本書(原題:Python Algorithms: Mastering Basic Algorithms in the Python Language)はアルゴリズムの分析と設計方法について,Pythonを使って説明します。古典的なアルゴリズムに焦点を絞って解説していますが,基本的なアルゴリズムによる問題解決の方法もしっかり理解できます。
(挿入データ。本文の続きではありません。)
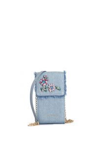 Mobile phone holder in frayed denim with stone and rhinestone flowers.
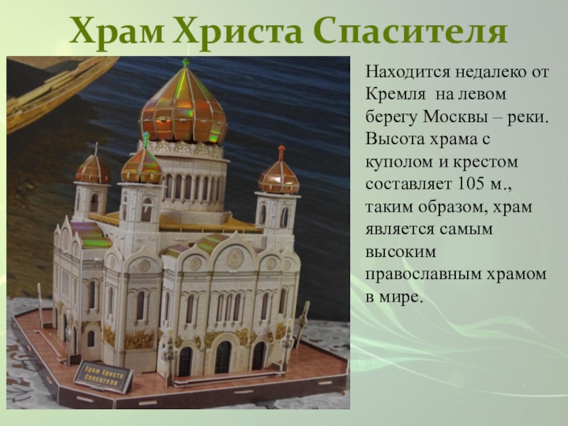 реки. Высота храма с куполом и крестом составляет 105 м., таким образом, храм является самым высоким православным храмом в мире.
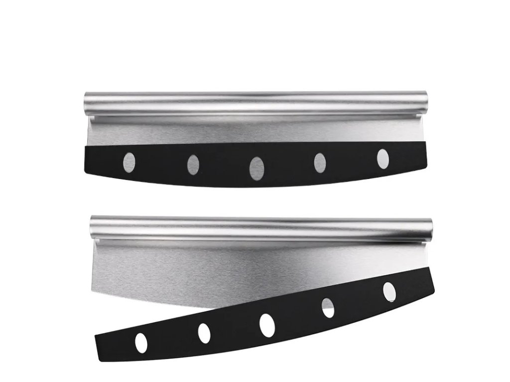 Praktický kolébkový kráječ na pizzu značky UG Grill vyrobený z nerezové oceli. Díky svému tvaru umožňuje snadné a rychlé porcování pizzy jedním plynulým pohybem bez posunutí ingrediencí.

本書はプログラミングとコンピュータサイエンスの最も重要で難しい分野を非常に読みやすい形で解説しています。アルゴリズムの理論とプログラミングの実践の両方をカバーし,理論が実際のPythonプログラムにどのように反映されているかを説明します。また,Pythonに組み込まれている有名なアルゴリズムとデータ構造について説明し,実装と評価について学ぶことができます。

本書で学べること
  • 新しい問題を効率的なアルゴリズムで解ける問題に変換する方法。もしくは,効率的に解けない問題であると示す方法
  • 数学と基本的な実験やベンチマークを使ってアルゴリズムとPythonのプログラムを分析する方法
  • 古典的なアルゴリズムとデータ構造を深く理解し,Pythonでこれらを効率的に実装する方法
  • 新しい問題を解くために新しいアルゴリズムを設計し,実績のある設計原理・設計技法を使って実装する方法
  • Pythonのハイパフォーマンスコンピューティングを実現する豊富なツールを使って実装を高速化する方法

こんな方におすすめ

  • Pythonの入門を終えた方
  • アルゴリズムを学習したい方
  • コンピュータサイエンスを専攻する学生

日本語版監訳者より

現代社会はアルゴリズムに支えられています。コンピュータとアルゴリズムの登場が世界を変えたと言っても過言ではありません。アルゴリズムに関する話題は,コンピュータ科学と数学の両方に広がりを持っています。ある問題Aがあるときに,それを解くためのアルゴリズムを思いついたとしましょう。アルゴリズムをプログラミングしていくつか問題Aの具体例に適用したところ,答えがきちんと返ってきたとします。得られた答えが役に立てば,それで良いこともあるでしょう。しかし,そのアルゴリズムですべての問題Aが解けるかどうかは分かりません。アルゴリズムが途中で止まったり,間違った答えを返したりしないということを証明する必要があります。これには数学的な考え方が必要です。多くのアルゴリズムの入門書は,こうした数学的な側面についてふれていません。一方,アルゴリズムに関する専門的な書籍では,数学記号をふんだんに使った説明を目にします。この本はこれらのちょうど間に位置します。原著ではかなり複雑で難しい議論が軽妙な語り口で解説されています。もしアルゴリズムに関してまったく知識がない場合は,まず入門書を手に取ることをおすすめします。また本書を読み進めるためには,Pythonプログラミングの知識も必要です。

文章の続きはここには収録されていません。